Efficacy risk has already materialized. UPLIFT delivered an investigator-assessed ORR of 15.6% (95% CI 10.0%-22.7%) in the NaPi2b-positive (TPS ≥75%) platinum-resistant ovarian cancer population - the lower bound of the confidence interval did not exclude the 12% historical control for single-agent chemotherapy [3][9]. The biomarker hypothesis - that high NaPi2b IHC expression would enrich for responders - failed in the data (15.6% in NaPi2b-high vs 10.2% in NaPi2b-low; modest delta), which is a deeper problem than a missed numeric endpoint because it undercuts the entire targeting rationale [3]. Safety risk is secondary now but historically included ADC-class toxicities like thrombocytopenia and pneumonitis, which constrained dosing during escalation. Competitive risk is severe: mirvetuximab soravtansine (Elahere) received accelerated approval in 2022 and full approval in 2024 for folate-receptor-alpha-positive platinum-resistant ovarian cancer, occupying the post-platinum slot that UpRi was aiming for, with a head start of years and a positive Phase 3 confirmatory dataset [7]. Commercial risk now collapses into existential risk for the asset itself - Mersana's 2024 10-K reflects $134.6M in cash, cash equivalents and marketable securities at year-end 2024, with stated runway into 2026 and a strategic focus on next-generation ADCs rather than funding another large UpRi trial [5][8].

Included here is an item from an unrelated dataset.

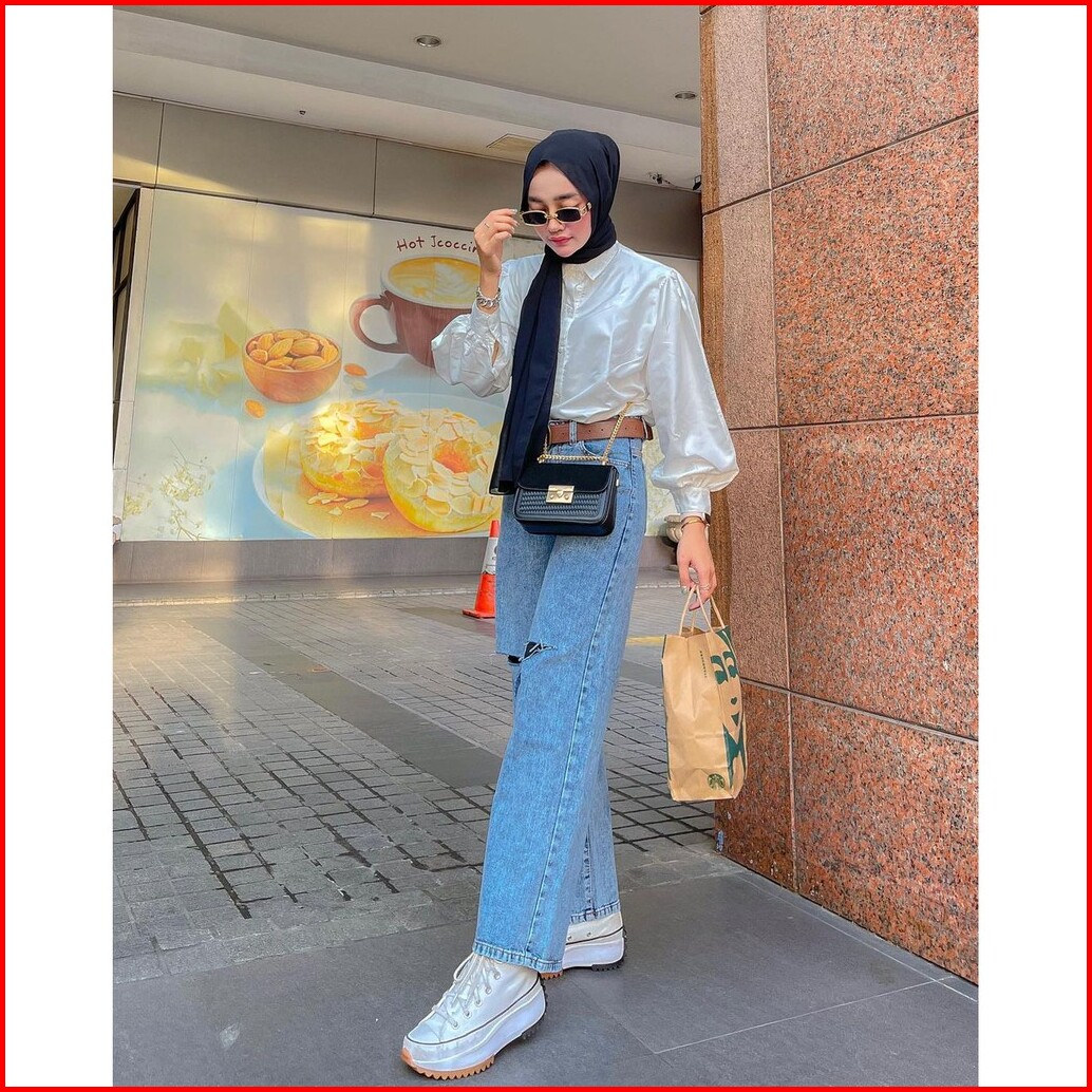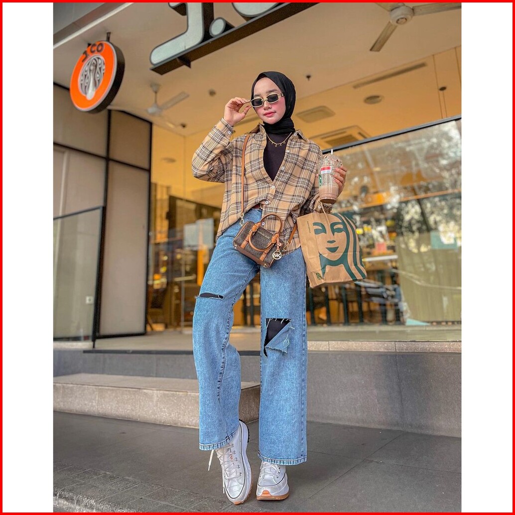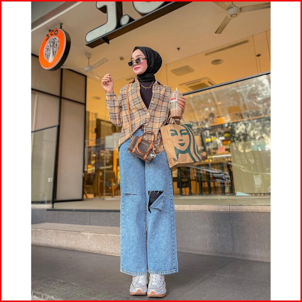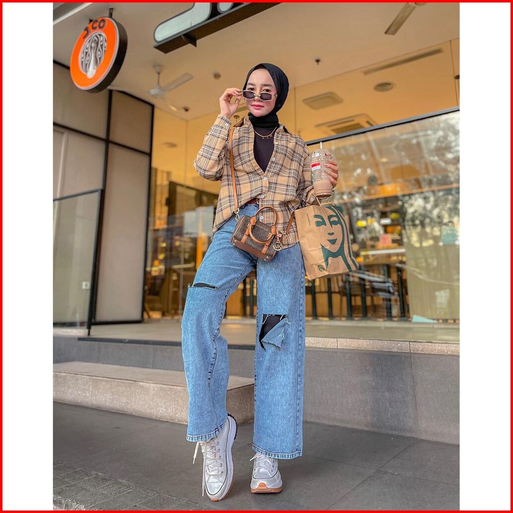 Highwaist Kulot Jeans Wanita Loose Ripped Sobek Belle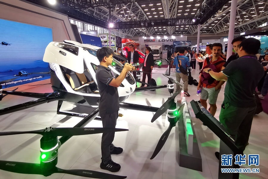 這是廣交會上展示的億航載人和運輸無人機(4月15日攝)。新華網 盧鑒 攝

Noise, not signal, in its current form. The interesting question is no longer 'will upifitamab rilsodotin get approved' - it almost certainly will not in the configuration tested - but 'does the asset get out-licensed, divested, or quietly shelved.' Mersana's 2024 10-K reports $134.6M cash with runway into 2026 and a 2024 net loss of $69.2M, which gives the company about 18-24 months of breathing room before another financing or strategic move is forced [5]; the strategic posture in that filing and subsequent 8-Ks points to emi-le/XMT-1660 and XMT-2056 as the forward platform, with UpRi treated as legacy [5][8]. The data point that would change this read: a credible biomarker reanalysis identifying a responder subset (for example, a defined NaPi2b expression cutoff combined with histology or prior-therapy stratification) published in a peer-reviewed journal or presented at SGO/ASCO with response rates north of 25% in a clean population. Absent that, this node should be watched for divestiture announcements rather than clinical readouts. Check back if Mersana's quarterly filings disclose an out-licensing transaction or if a partner picks up the asset for a non-ovarian indication where NaPi2b biology may behave differently - the Phase 1 NSCLC expansion produced single-agent activity but Mersana did not advance to a randomized study, so any lung-cancer revival would require a partner with conviction in the target. The broader takeaway for NaPi2b as a target: still open, but no longer obviously a winner.